Sir Michael Newton, 4th Baronet,  (ca. 1695 – 6 April 1743) was an English landowner and politician who sat in the House of Commons from 1722 to 1743.

Newton was the only son of Sir John Newton, 3rd Baronet, and his wife Susanna Warton, daughter of Michael Warton of Beverley, and sister of Sir Michael Warton.

The Newton family fortune derived originally from the legacy of a Grantham moneylender.
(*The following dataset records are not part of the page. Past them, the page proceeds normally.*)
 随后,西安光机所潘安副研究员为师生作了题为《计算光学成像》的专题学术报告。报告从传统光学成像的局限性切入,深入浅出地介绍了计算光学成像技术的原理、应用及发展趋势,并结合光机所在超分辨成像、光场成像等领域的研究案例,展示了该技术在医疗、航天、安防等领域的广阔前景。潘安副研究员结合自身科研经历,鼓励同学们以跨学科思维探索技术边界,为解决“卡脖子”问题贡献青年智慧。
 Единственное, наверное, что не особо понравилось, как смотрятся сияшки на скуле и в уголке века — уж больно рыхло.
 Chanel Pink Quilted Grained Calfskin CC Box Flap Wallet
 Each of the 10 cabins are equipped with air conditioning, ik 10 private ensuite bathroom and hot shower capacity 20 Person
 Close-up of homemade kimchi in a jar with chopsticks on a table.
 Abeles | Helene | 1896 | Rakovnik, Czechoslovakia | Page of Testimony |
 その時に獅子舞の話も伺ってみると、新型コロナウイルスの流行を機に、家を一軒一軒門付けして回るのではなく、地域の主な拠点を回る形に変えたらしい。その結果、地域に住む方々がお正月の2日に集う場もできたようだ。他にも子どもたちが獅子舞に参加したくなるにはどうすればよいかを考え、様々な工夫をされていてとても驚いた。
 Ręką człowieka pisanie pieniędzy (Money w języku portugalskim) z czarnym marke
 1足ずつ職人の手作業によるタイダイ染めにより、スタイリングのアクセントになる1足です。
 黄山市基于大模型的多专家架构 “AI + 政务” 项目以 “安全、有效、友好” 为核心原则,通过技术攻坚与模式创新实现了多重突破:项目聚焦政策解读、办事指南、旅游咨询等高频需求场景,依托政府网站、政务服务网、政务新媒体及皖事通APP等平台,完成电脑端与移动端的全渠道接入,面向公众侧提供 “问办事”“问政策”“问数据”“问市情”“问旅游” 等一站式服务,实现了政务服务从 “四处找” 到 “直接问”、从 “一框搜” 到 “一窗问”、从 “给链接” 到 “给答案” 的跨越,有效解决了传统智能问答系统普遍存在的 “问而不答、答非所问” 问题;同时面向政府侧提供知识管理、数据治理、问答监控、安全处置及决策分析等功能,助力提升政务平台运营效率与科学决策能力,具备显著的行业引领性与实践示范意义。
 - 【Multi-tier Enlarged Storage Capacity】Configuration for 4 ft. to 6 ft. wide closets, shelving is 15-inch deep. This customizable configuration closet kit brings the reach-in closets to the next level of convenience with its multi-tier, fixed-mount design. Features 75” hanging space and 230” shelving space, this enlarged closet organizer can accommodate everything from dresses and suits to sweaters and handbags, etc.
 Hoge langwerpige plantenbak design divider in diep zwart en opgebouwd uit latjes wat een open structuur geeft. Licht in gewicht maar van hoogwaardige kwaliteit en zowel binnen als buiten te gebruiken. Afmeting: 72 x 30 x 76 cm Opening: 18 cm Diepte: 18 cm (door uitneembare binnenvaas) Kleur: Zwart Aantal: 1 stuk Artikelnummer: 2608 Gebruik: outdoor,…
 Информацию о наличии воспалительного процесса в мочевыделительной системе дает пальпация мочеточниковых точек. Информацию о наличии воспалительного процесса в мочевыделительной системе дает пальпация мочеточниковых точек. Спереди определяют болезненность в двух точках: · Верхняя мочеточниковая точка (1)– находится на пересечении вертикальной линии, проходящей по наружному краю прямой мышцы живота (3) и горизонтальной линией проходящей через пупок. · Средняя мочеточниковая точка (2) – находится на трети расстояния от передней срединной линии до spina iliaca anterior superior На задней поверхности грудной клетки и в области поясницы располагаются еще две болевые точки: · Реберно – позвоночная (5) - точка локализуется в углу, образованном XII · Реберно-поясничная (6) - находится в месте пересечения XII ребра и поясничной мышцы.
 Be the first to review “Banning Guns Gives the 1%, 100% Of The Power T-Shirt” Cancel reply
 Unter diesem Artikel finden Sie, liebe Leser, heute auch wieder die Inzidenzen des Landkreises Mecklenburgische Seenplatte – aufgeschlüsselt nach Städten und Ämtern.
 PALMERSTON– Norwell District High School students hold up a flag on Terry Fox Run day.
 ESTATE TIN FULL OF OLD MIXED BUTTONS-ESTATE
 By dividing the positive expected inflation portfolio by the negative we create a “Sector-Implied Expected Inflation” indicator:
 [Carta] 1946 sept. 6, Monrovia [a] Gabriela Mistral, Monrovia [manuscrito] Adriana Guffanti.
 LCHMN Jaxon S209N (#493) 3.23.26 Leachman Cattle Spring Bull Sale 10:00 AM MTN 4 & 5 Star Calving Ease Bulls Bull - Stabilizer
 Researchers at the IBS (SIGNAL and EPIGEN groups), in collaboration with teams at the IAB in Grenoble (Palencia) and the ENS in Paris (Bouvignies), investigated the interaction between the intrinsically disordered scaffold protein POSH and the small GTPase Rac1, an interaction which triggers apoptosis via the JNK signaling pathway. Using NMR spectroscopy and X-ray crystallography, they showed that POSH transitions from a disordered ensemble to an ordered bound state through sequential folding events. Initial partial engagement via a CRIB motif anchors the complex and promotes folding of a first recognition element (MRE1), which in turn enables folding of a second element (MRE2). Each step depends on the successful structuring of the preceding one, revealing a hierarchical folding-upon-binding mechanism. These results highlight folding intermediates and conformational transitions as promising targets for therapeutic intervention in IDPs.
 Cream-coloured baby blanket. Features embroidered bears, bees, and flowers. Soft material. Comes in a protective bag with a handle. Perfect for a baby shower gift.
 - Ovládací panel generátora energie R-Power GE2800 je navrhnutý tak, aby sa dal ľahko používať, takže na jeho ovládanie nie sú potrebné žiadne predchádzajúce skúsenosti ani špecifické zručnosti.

Newton also inherited a significant fortune from his maternal uncle, Sir Michael Warton, whom he succeeded as Member of Parliament (MP) for Beverly at the 1722 British general election.  He was one of the wealthy commoners who were made knights of the new Order of the Bath by Sir Robert Walpole in 1725, but in Parliament Newton consistently voted against Walpole's government. Newton was returned as MP for Grantham at the 1727 British general election and was returned again in 1734 and 1741.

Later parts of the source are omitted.